Terminó la primaria a los nueve años y la secundaria a los trece, teniendo absolutamente claro qué iba a estudiar: física, matemáticas y filosofía, en lo posible al mismo tiempo, si los horarios le daban. Cuando terminó física, la última de las tres, a los veinte, dedicó tres años a la psicología y a los posgrados, por lo que a los veinticuatro era Doctor en Física, Doctor en Filosofía, Matemático y Psicólogo. Si bien puede parecer obvio, dedicó su vida al mundo académico, haciendo carrera en el CONICET y dando clases por todos lados. Su autismo enciclopedista lo enfrentó amargamente con su madre montonera, que desapareció en septiembre de 1979, tras casi un año sin contacto real con Gerardo, que vivía desde 1976 en casa de un amigo gorila, por decisión de ella. Humberto, el amigo en cuestión, radical, hablaba mucho de política y a pesar de su antiperonismo repudiaba con vehemencia el golpe de Estado, pero era impensable como víctima de las Fuerzas. Era médico, de los buenos y reconocidos, especialista en neurología. Su madre sabía lo que hacía; no hizo tanto hincapié en discutir con Gerardo como en dejarlo a salvo, con éxito.
En 1983 pudo recuperar la casa familiar en Caballito y, ya con trabajos varios, empezó a vivir solo en ella, de la que nunca se mudó. El 13 de agosto de 1984, la casa ya estuvo a su gusto; fue el último día de trabajo del carpintero que le hizo los muebles de la cocina. Gerardo se despidió de él, fue hasta el living, se sentó en el sillón triple, miró hacia todos lados y empezó a llorar, por primera vez en su vida. No es una simple forma de decir el afirmar que su madre murió, para él, ese día; lloró horas, hasta que se agotó de tal forma que se durmió, para despertarse casi dieciséis horas después, al día siguiente a las seis de la mañana. El 14 de agosto de 1984 fue el día en que pensó por primera vez en lo que en adelante llamaría su “proyecto” y que nunca revelaría a nadie; no empezó ese día sino en la forma difusa de la idea general.
Por más que no le gustara la palabra, al menos dos características de Gerardo no admitían otro calificativo que el de prodigiosas: su memoria y su relación con los números. Nunca usó grabadoras o calculadoras, tan sólo una libretita, para cuestiones complejas y puntuales. Las cuentas más ridículamente difíciles representaban para él un desafío similar al de adicionar 13 a 22, por decir dos números cualesquiera. Si se le mencionaba un ángulo con grados minutos y segundos, contestaba el seno y el coseno al instante, con cinco decimales, siempre exactos. Lo mismo sucedía con porcentajes, raíces cuadradas o lo que fuera. A eso se sumaba su capacidad de recordar conversaciones completas, películas y, sobre todo, libros de memoria con una sola lectura, exceptuando autores que le requirieron al menos dos, como Kant, Hegel, Marx y Aristóteles, entre algunos otros, no muchos. Sólo dos libros lo obligaron a más: La Ética de Spinoza y el Órganon de Aristóteles. El primero de ellos era, vale decir, su preferido entre todos y el que lo puso cara a cara con lo que sería, el resto de su vida, su drama capital y disparador del proyecto: el cuerpo.

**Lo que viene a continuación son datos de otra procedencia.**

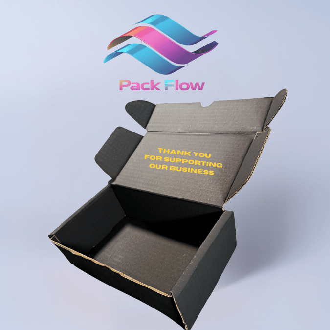 بوكس أسود مات من الداخل والخارج + طباعة لوغو ورسالة شكر بالذهبي

No se le conocieron amistades duraderas o profundas, aunque era amabilísimo en el trato y muy divertido, lo cual no cuadraba con la imagen de ratón de biblioteca que unx pudiera suponer. Asistía a reuniones y salidas grupales y era muy apreciado. Supo desde los treinta años que la sexualidad no se satisfacía fácilmente; lejos de cualquier moralismo, sus relaciones en ese sentido no distinguían por género, sino por gusto. Nunca formó pareja, eso sí; no iba a ser padre, eso estaba decidido, ni conviviente.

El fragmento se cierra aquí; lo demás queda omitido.